"Oi! Back off, will ya?!” I hiss, tightening my hold on the loaf of bread beneath my cloak. One hand presses the loaf closer; the other raises at the intruder's face. It was a week in the labor house for this meagre get. My heart races in my chest from such a start. His eyes widen briefly before he smirks and shoulders me deeper into the hiding place. Grunting in indignation, I pull my cloak up around me. Forced in, I have little choice. Accommodate or be pushed out into the street. The guards’ footfalls shuffle past at the crossroads.
“Thieving, eh?” the stranger asks, shifting and pressing me in tighter, forcing us to crouch low. My free arm clamps the rough bread to my stomach under the cloak, bulging awkwardly. The stranger’s side wedges harder into me. The rising scent of two damp wool cloaks after a market day, behind a refuse heap, starts to saturate the cramped space. Where anyone looking for anything was loath to have to sort through.

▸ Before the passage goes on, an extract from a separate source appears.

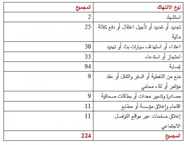 ولتسليط الضوء على صورة حرية الإعلام في فلسطين وبمناسبة اليوم العالمي لحرية الصحافة ،أعد فريق الرصد ومتابعة الانتهاكات بمركز غزة لحرية الإعلام إحصائية منذ مطلع العام الجاري2018 ما مجموعه ( 266) انتهاكا ضد الحريات الإعلامية في فلسطين, ارتكبت قوات الاحتلال الإسرائيلي (224) انتهاكا, في حين ارتكبت جهات فلسطينية في الضفة الغربية وقطاع غزة ما مجموعه (42) انتهاكا.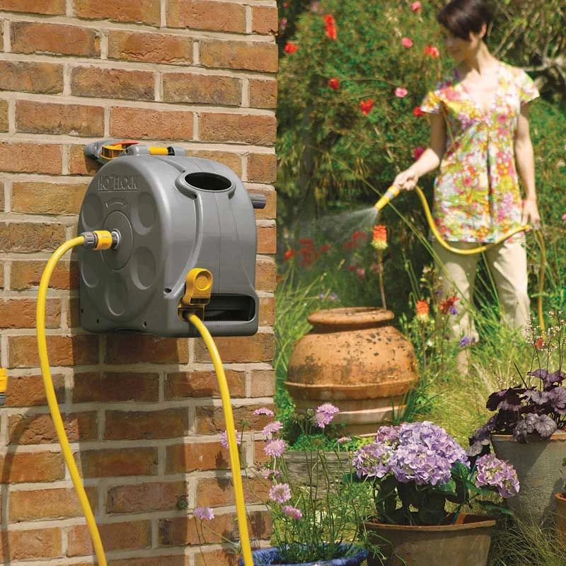 The Compact Reel has a 2-in-1 functions , meaning it can be wall-mounted or used as a free-standing reel so you can position it however you would like. This product is also strong and robust so will easily withstand hard-wearing gardening tasks, time after time making sure it last for years. Its easy rewind action and viewing window allows for full control and stress-free rewinding and the folding carry handle ensures the reel is fully portable. It easily clips onto a wall bracket and has a handle for smooth hose layering so putting it away is an easy and problem free task.

It mixes with the sharp tang of river salt, and rat scuttles past, its copper tag jingling—a mark of the city’s cathedral, proof it will not be poisoned. Someone’s miracle skittering around in the muddy underbelly. Desperation alone would bring anyone here, pressed close beneath the painted prayer-scrolls someone has pasted above our heads, faded symbols for luck and salvation from the heavenly beings that are to be looking down in judgement of our every waking act.
“No, with child,” I reply. For a moment, I’m satisfied with the glimpse of surprise on his face before he recovers quickly.
“Yer not,” that infuriating twitch of his lips again. “I know you, you sing at The Swan.” He leans in, whispering like a child with a secret. “The Swan, that little tavern off Market Row. You have a patron who doesn’t provide even enough for bread, it seems.”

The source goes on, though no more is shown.